(Extracted records)
- - -

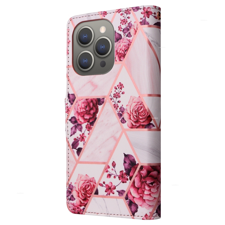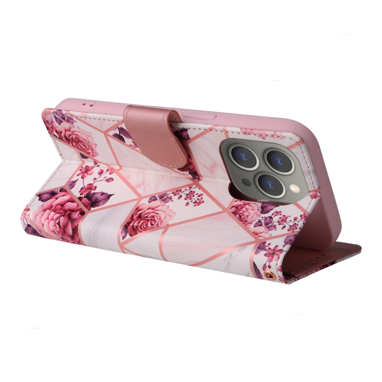 Funda de Cuero para Teléfono iPhone 15 Pro con Costuras Bronceadoras de Mármol (Oro Rosa)
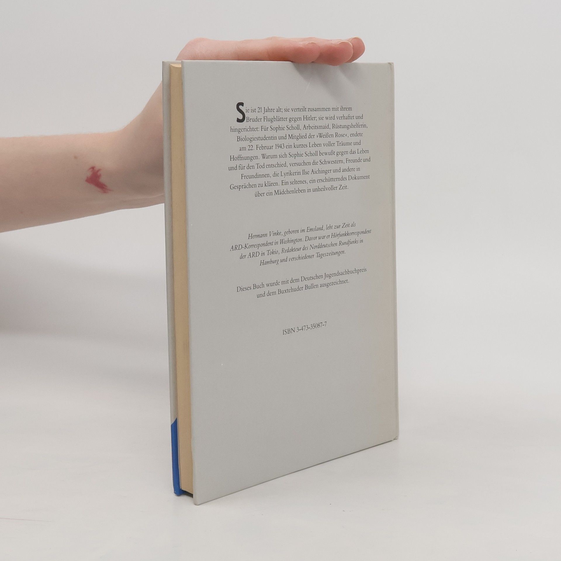 Am 22. Februar 1943 wurde die einundzwanzigjährige Sophie Scholl gemeinsam mit ihrem Bruder Hans und dem Mitstreiter Christoph Probst im Münchner Gefängnis Stadelheim hingerichtet. Sie war Mitglied der „Weißen Rose“, einer Studentengruppe, die mit Flugblättern zum Widerstand gegen Hitler aufgerufen hatte. Hermann Vinke beschreibt ihr Leben vor und während des Widerstands der „Weißen Rose“ in Form von Berichten, Dokumenten, Zeugenaussagen, Briefen und Fotos. Ein seltenes und erschütterndes Dokument über ein mutiges Mädchen in einer unheilvollen Zeit: Sophie Scholl interessierte sich kaum für politische Fragen, wurde aber aufgrund ihres nazikritischen Elternhauses trotzdem zur Widerstandskämpferin. In einer menschenfeindlichen Gesellschaft kämpfte sie mit großem Mut und Einsatz für ihre eigenen Ansichten und Ziele. Dadurch wurde sie zu einem unvergessenen Vorbild, auch für Jugendliche der heutigen Zeit. Hermann Vinke beschreibt das Leben dieser außergewöhnlichen jungen Frau, indem er ihre eigenen Aufzeichnungen mit Erinnerungen und Auszügen aus Briefen sowie dem historischen Hintergrund des Nationalsozialismus kombiniert.
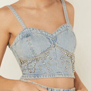 NWT Blank NYC Starstruck Denim Bustier - Sweetheart Neckline, Embellished with Studs & Rhinestones, Smocked Back, Adjustable Shoulder Straps, Side Zipper
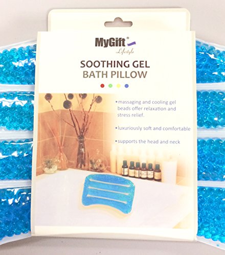 Studio : MyGift Publisher : MyGift Binding : Kitchen Product Description Transform your home bathtub into a relaxing spa with this premium bath pillow. The blue gel that fills this spa pillow is soft enough to be comfortable, yet firm enough to provide plenty of support for your head and neck. Just use the 3 super strong plastic suction cups on the back to attach this bathtub pillow to the wall of your bathtub or hot tub so you can soak and relax in full comfort.
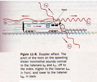 The change in pitch produced by the relative motion of the source and observer is known as the Doppler Effect. Of course, the frequency of the sound emitted by the source remains unchanged as does the velocity of the sound in the transmitting medium. Figure 11-8 illustrates this principle.
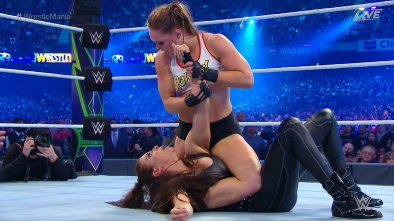 Ronda Rousey who debuts at the grandest stage of all, at the WRESTLEMANIA. Rousey playing her first match made Stephanie tap out to the armbar submission to defeat Triple H and Stephanie.
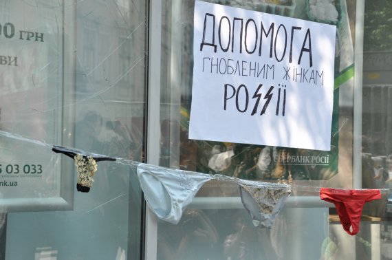 "Нам очень жаль российских женщин. Мы же прекрасно знаем, как важно для женщины носить хорошое, соблазнительное белье, а не хлопчатобумажные трусы. Или трусы с начесом. Мы поддерживаем и выражаем свою солидарность с "русскими красавицами", которыем нечем соблазнять своих мужчин. Через российский банк мы передадим все собранное белье в Россию. Возможно, потому их мужья такие злые и уходят от своих женщин на войну. Отдельный комплект мы передаем и Алине Кабаевой для возбуждения Владимира Владимировича. Пусть знают, что бандеровки такорж умеют сочувствовать", - говорит одна из организаторов акции Галина Мороз.
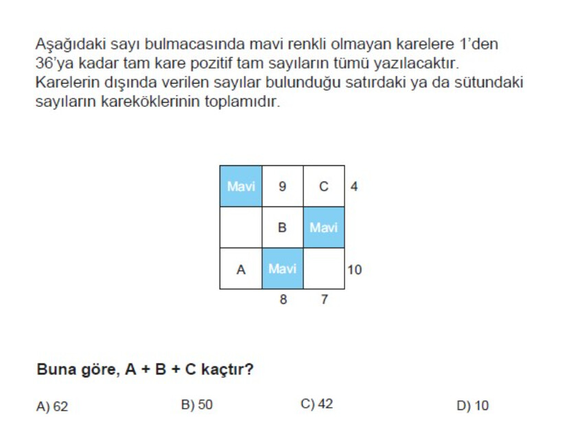- Doğru kombinasyon: 9, 1, 16, 25, 36 ve 4 ile her satır/sütunu sağlayan tek değer toplamı olan A+B+C = 50’dir.
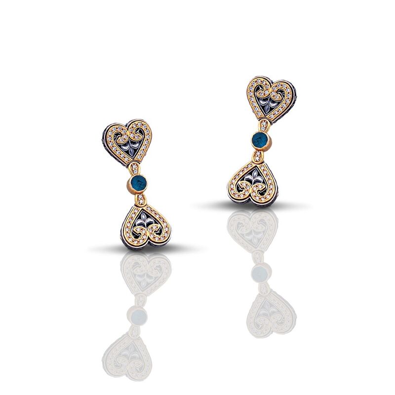 Pendientes en plata 925 bañado en oro con turquesa y diseño barroco
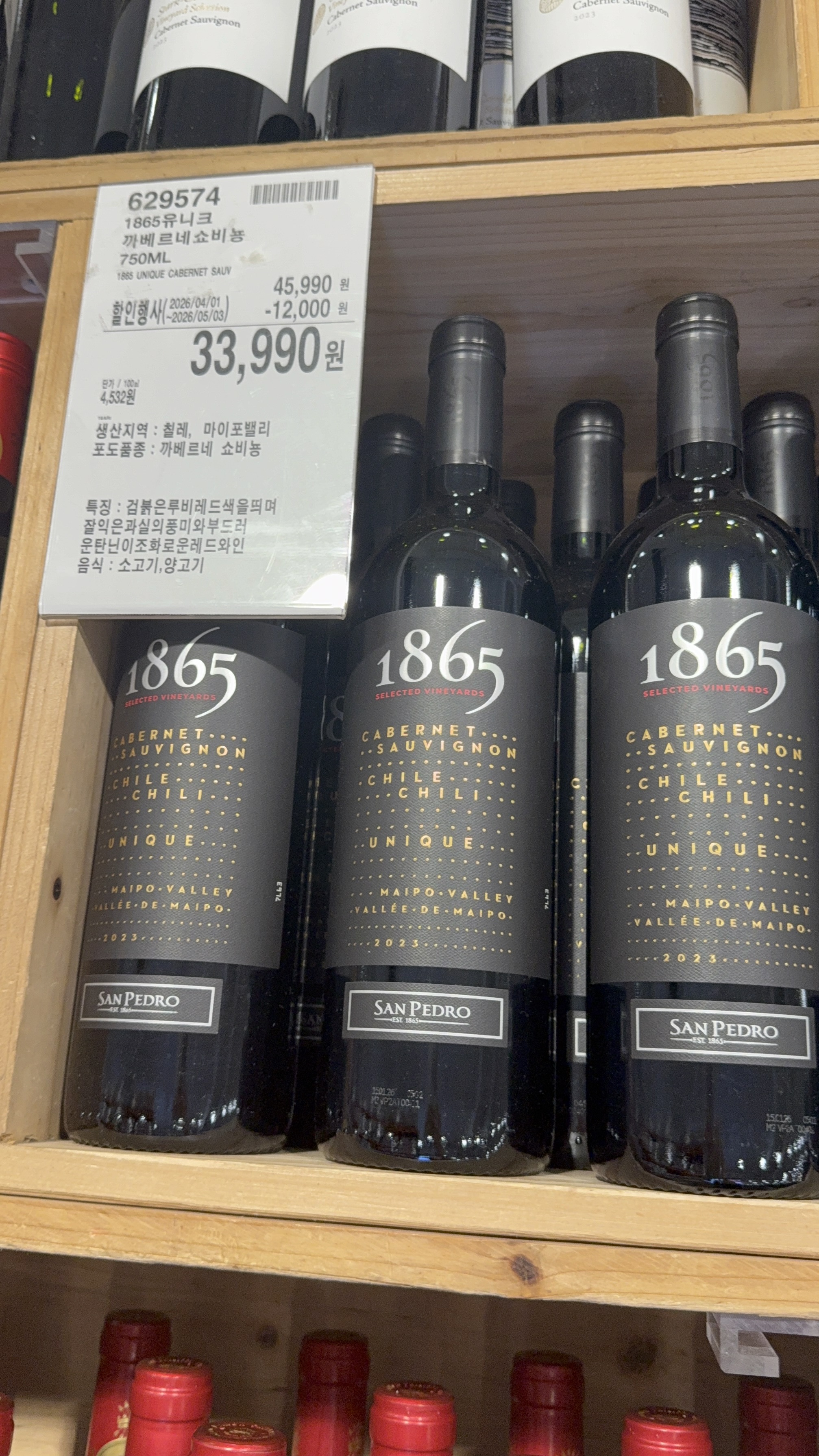 - 특징 : 한국인이 가장 사랑하는 '1865'의 상위 라인업인 '유니크'입니다. 일반 '셀렉티드 빈야드'보다 포도 선별이 까다롭습니다.
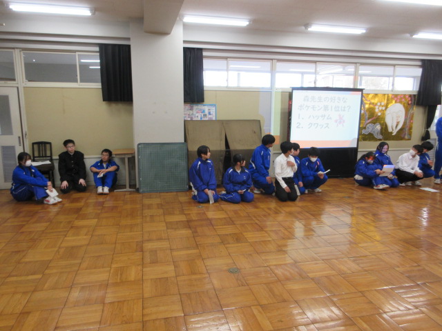 多目的室を使って、出し物の流れ、セリフを確認しています。

- - -

* **Work instruction**:
Retype the data in full. Images do not go in the copy.

* **Your response**:
 Funda de Cuero para Teléfono iPhone 15 Pro con Costuras Bronceadoras de Mármol (Oro Rosa)
 Am 22. Februar 1943 wurde die einundzwanzigjährige Sophie Scholl gemeinsam mit ihrem Bruder Hans und dem Mitstreiter Christoph Probst im Münchner Gefängnis Stadelheim hingerichtet. Sie war Mitglied der „Weißen Rose“, einer Studentengruppe, die mit Flugblättern zum Widerstand gegen Hitler aufgerufen hatte. Hermann Vinke beschreibt ihr Leben vor und während des Widerstands der „Weißen Rose“ in Form von Berichten, Dokumenten, Zeugenaussagen, Briefen und Fotos. Ein seltenes und erschütterndes Dokument über ein mutiges Mädchen in einer unheilvollen Zeit: Sophie Scholl interessierte sich kaum für politische Fragen, wurde aber aufgrund ihres nazikritischen Elternhauses trotzdem zur Widerstandskämpferin. In einer menschenfeindlichen Gesellschaft kämpfte sie mit großem Mut und Einsatz für ihre eigenen Ansichten und Ziele. Dadurch wurde sie zu einem unvergessenen Vorbild, auch für Jugendliche der heutigen Zeit. Hermann Vinke beschreibt das Leben dieser außergewöhnlichen jungen Frau, indem er ihre eigenen Aufzeichnungen mit Erinnerungen und Auszügen aus Briefen sowie dem historischen Hintergrund des Nationalsozialismus kombiniert.
 NWT Blank NYC Starstruck Denim Bustier - Sweetheart Neckline, Embellished with Studs & Rhinestones, Smocked Back, Adjustable Shoulder Straps, Side Zipper
 Studio : MyGift Publisher : MyGift Binding : Kitchen Product Description Transform your home bathtub into a relaxing spa with this premium bath pillow. The blue gel that fills this spa pillow is soft enough to be comfortable, yet firm enough to provide plenty of support for your head and neck. Just use the 3 super strong plastic suction cups on the back to attach this bathtub pillow to the wall of your bathtub or hot tub so you can soak and relax in full comfort.
 The change in pitch produced by the relative motion of the source and observer is known as the Doppler Effect. Of course, the frequency of the sound emitted by the source remains unchanged as does the velocity of the sound in the transmitting medium. Figure 11-8 illustrates this principle.
 Ronda Rousey who debuts at the grandest stage of all, at the WRESTLEMANIA. Rousey playing her first match made Stephanie tap out to the armbar submission to defeat Triple H and Stephanie.
 "Нам очень жаль российских женщин. Мы же прекрасно знаем, как важно для женщины носить хорошое, соблазнительное белье, а не хлопчатобумажные трусы. Или трусы с начесом. Мы поддерживаем и выражаем свою солидарность с "русскими красавицами", которыем нечем соблазнять своих мужчин. Через российский банк мы передадим все собранное белье в Россию. Возможно, потому их мужья такие злые и уходят от своих женщин на войну. Отдельный комплект мы передаем и Алине Кабаевой для возбуждения Владимира Владимировича. Пусть знают, что бандеровки такорж умеют сочувствовать", - говорит одна из организаторов акции Галина Мороз.
- Doğru kombinasyon: 9, 1, 16, 25, 36 ve 4 ile her satır/sütunu sağlayan tek değer toplamı olan A+B+C = 50’dir.
 Pendientes en plata 925 bañado en oro con turquesa y diseño barroco
 - 특징 : 한국인이 가장 사랑하는 '1865'의 상위 라인업인 '유니크'입니다. 일반 '셀렉티드 빈야드'보다 포도 선별이 까다롭습니다.
 多目的室を使って、出し物の流れ、セリフを確認しています。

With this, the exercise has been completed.